The specific piloting of the valve to reduce the EGT overshoot is illustrated in FIG. 5 and it is carried out by an action on the amplitude and the duration of opening of the valve 44 via the following three parameters: X: This first parameter defines a period from which the valve opens following the detection of an EGT overshoot compared to the detection of the stabilization of the speed reached (delay on opening in seconds),

Z (i): This second parameter defines for a given level i the valve opening level (100% = valve fully open; 50% = valve semi open; 0% = valve fully closed),

Y (i): This third parameter defines the opening time (in seconds) of the valve for stage i and the opening level Z (i).

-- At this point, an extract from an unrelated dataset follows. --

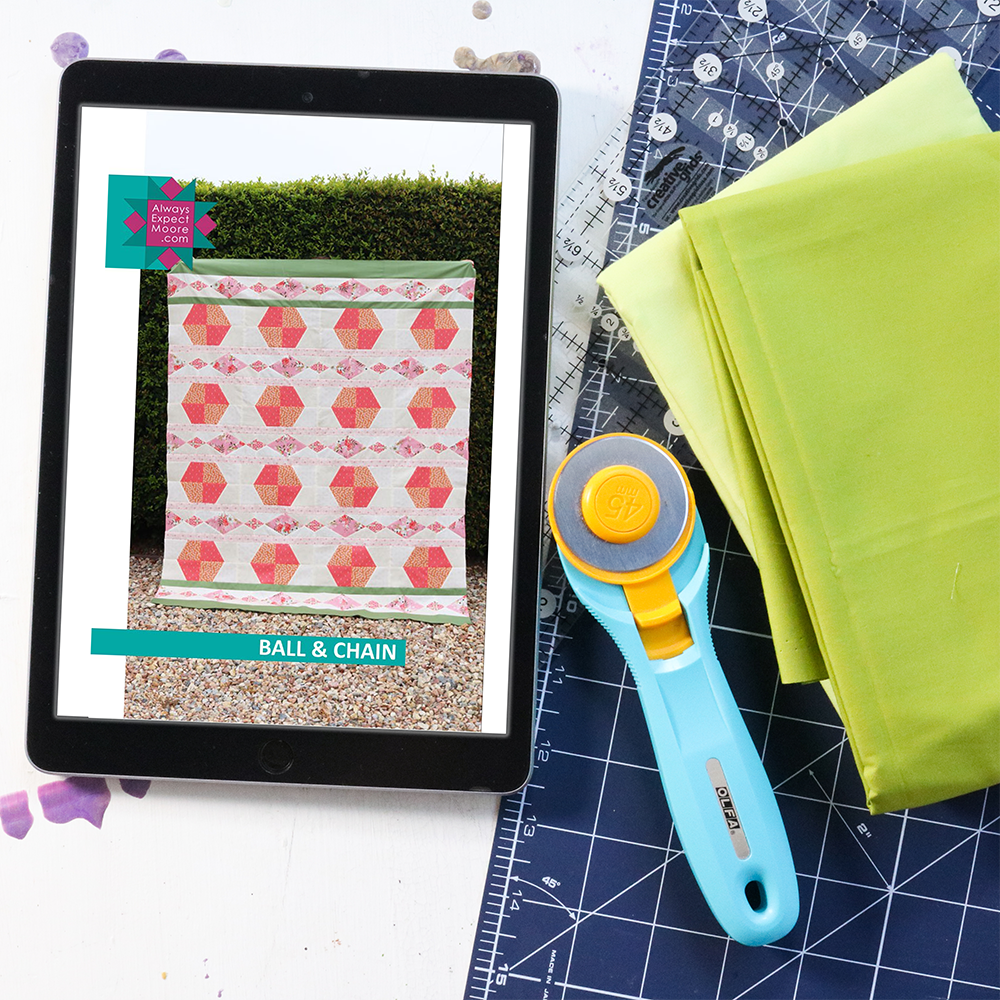 The Ball & Chain quilt is a beginner-friendly quilt, made by piecing blocks into rows. These rows are then stitched together to make the quilt. There are just two different block types in this quilt that make up the rows.

All these parameters are presented in a predefined dynamic table as a function of the altitude and the relative difference between the stabilized temperature Tstab and the transient temperature Ttrans. For a given pair of values {Altitude; relative deviation (Tstab-Ttrans) / Tstab), there is a value of the parameters {X, Y (i), Z (i)} that is most suitable for reducing the EGT overshoot. The number of steps is only limited by the memory capacities of the control unit 50 and the type of valve used. It is therefore quite possible to integrate more than three levels. If this memory capacity is limited, it is possible to delete the first parameter.

Likewise, the number of levels is determined by the type of valve: if a regulated valve is used, then there is an infinite number of possible levels. If you use an all-or-nothing valve, then there are only two possible levels.

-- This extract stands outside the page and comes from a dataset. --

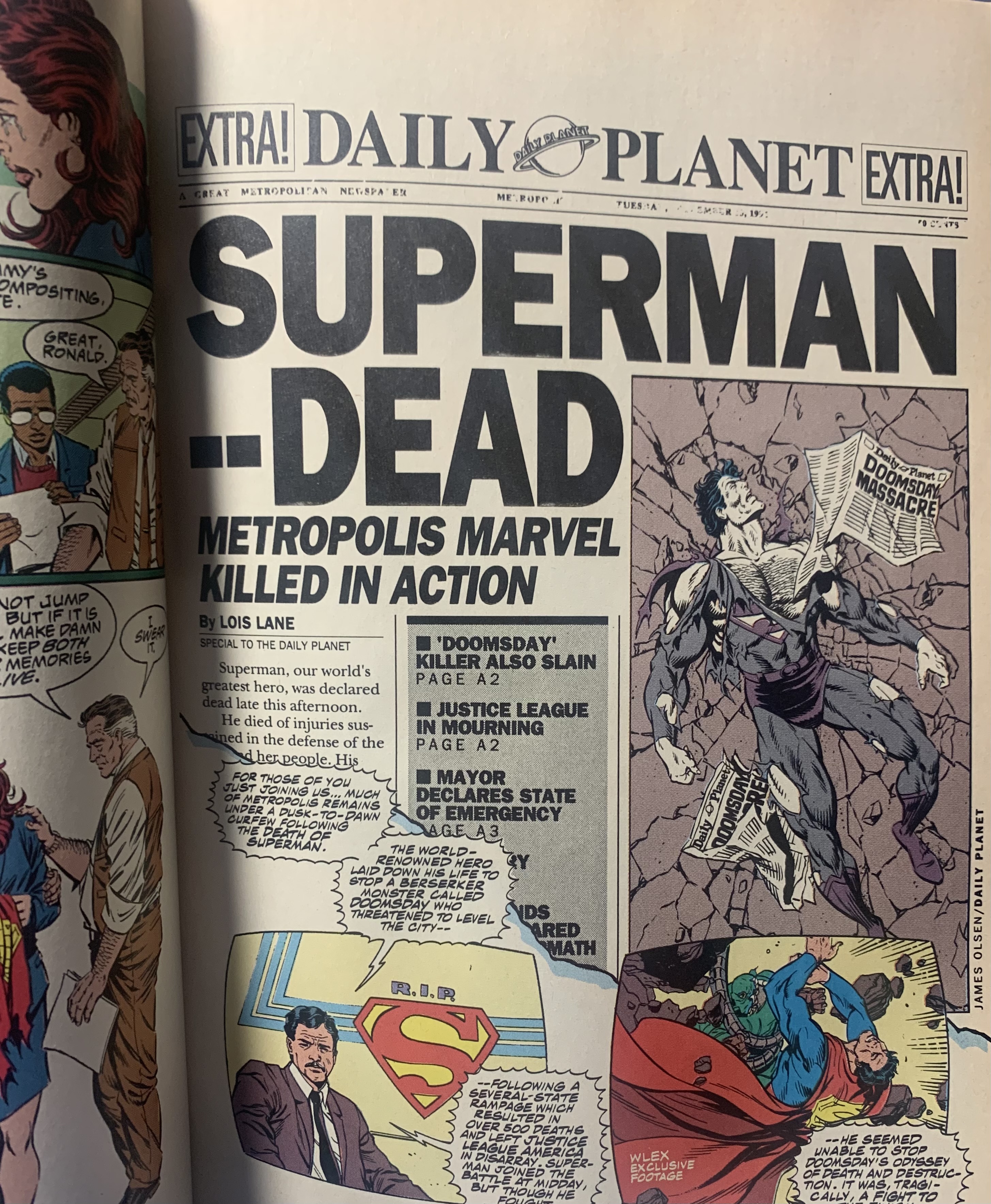Naturally, after Superman is seemingly killed by Doomsday, with the latter also succumbing to injuries from their building-destroying fight, the other superheroes, Lois, and the wider world are incredulous. Superman can die? Surely, he only seems dead because we have no way of accurately measuring his health metrics owing to his invulnerability. Try as they might, though, Superman shows no indication of brain activity, a pulse, or breath. He is dead. Right away, the government wants his body to scrape enough DNA to make a Superman clone. Lex Luthor II (sporting an incredible mane of red hair), who is somehow in bed with (quite literally) Supergirl, is the most distraught, not because of his love for Superman, but out of the pure hatred manifest in the desire to be the one who killed Superman. Doomsday robbed him of the opportunity. Newspapermen and television news are eager to have Jimmy Olsen’s incredible shots of Superman’s final moments. Ostensibly, they say it is to honor Superman, but Olsen understands it as exploitative. The Gangbuster, who was retired and is watching his girlfriend’s kid, is aghast when the kid doesn’t seem to care about Superman’s death. The kid quips, “Most of us kids at school thought he was a weinie anyway.” That’s a nod to the idea in the 1990s that Superman was no longer cool. Perhaps that also spurred on the idea of doing something bold, like killing Superman, to remind everyone how necessary Superman is to the world of comics and to the world outside of comics. And we even get a moment with the Linear Men, created a couple years earlier by Jurgens, who police time in the comic universe. A newly-minted Linear Man wants to save Superman, but he comes to realize doing so would grant Superman immortality, and where does such time intervention end? What about saving Martin Luther King, Jr? And so on. Before he allows time to restart and Superman to die, the Linear Man says, “You are nothing less than a miracle. But I am obligated to do the right thing.” Which is what Superman would want. I thought that interlude, if you will, was necessary and quite well-done. Another great vignette was the Justice League superheroes responding to the many letters Superman received from regular people with all sorts of requests. It was neat to see Wonder Woman, Flash, Green Lantern, and the others carrying on Superman’s legacy in that way. As Wonder Woman remarks, “For once, rather than combat threats, we want to help bridge the gaps that separate us all.”

Thus, the control of a valve 44 as described above makes it possible to maintain a positive EGT margin based on the thermal state of the rotor and the speed of rotation of the turbine and to cover all the maneuvers and operating conditions. use likely to generate an EGT overshoot phenomenon. The introduction of a dynamic table based on the relative temperature difference to the high pressure turbine rotor and the altitude allows to better adapt the amplitude and the duration of the valve opening during this phenomenon. Taking into account in the process a minimum clearance established in advance on engine tests also allows precise estimation of the clearance at any time, thus preventing any risk of premature wear of the turbine.

Claims

Claims

[Claim 1] A method of controlling a clearance (38) between, on the one hand, the tops (30a) of blades (30) of a rotor of a high pressure turbine (24) of an engine ( 10) of a gas turbine airplane and, on the other hand, a turbine ring (34) of a housing (32) surrounding said vanes (30) of the high pressure turbine (24), the method comprising the estimation of the clearance to be controlled and the control of a valve (44) delivering an air flow directed towards said turbine ring (34) as a function of the clearance thus estimated, this method being characterized in that it comprises the following steps : detection (100) of a transient phase of acceleration of the engine (10) on the basis of at least one parameter representative of the engine (10); reception (102) of data relating to the altitude of the aircraft; determination (104) of data representative of the temperature of said rotor of the high pressure turbine of the engine during the transient phase of acceleration and in steady state and calculation of a relative temperature difference between said temperature data of the transient phase of acceleration and temperature stabilized regime; if said transient acceleration phase is detected and if said relative temperature difference is greater than a predetermined minimum temperature difference, definition of an opening level and an opening time of the valve by a correspondence table preset altitude / relative temperature deviation; control (114) of the opening of the valve (44) at the opening level and during the opening time defined to deliver said air flow to the turbine ring (34).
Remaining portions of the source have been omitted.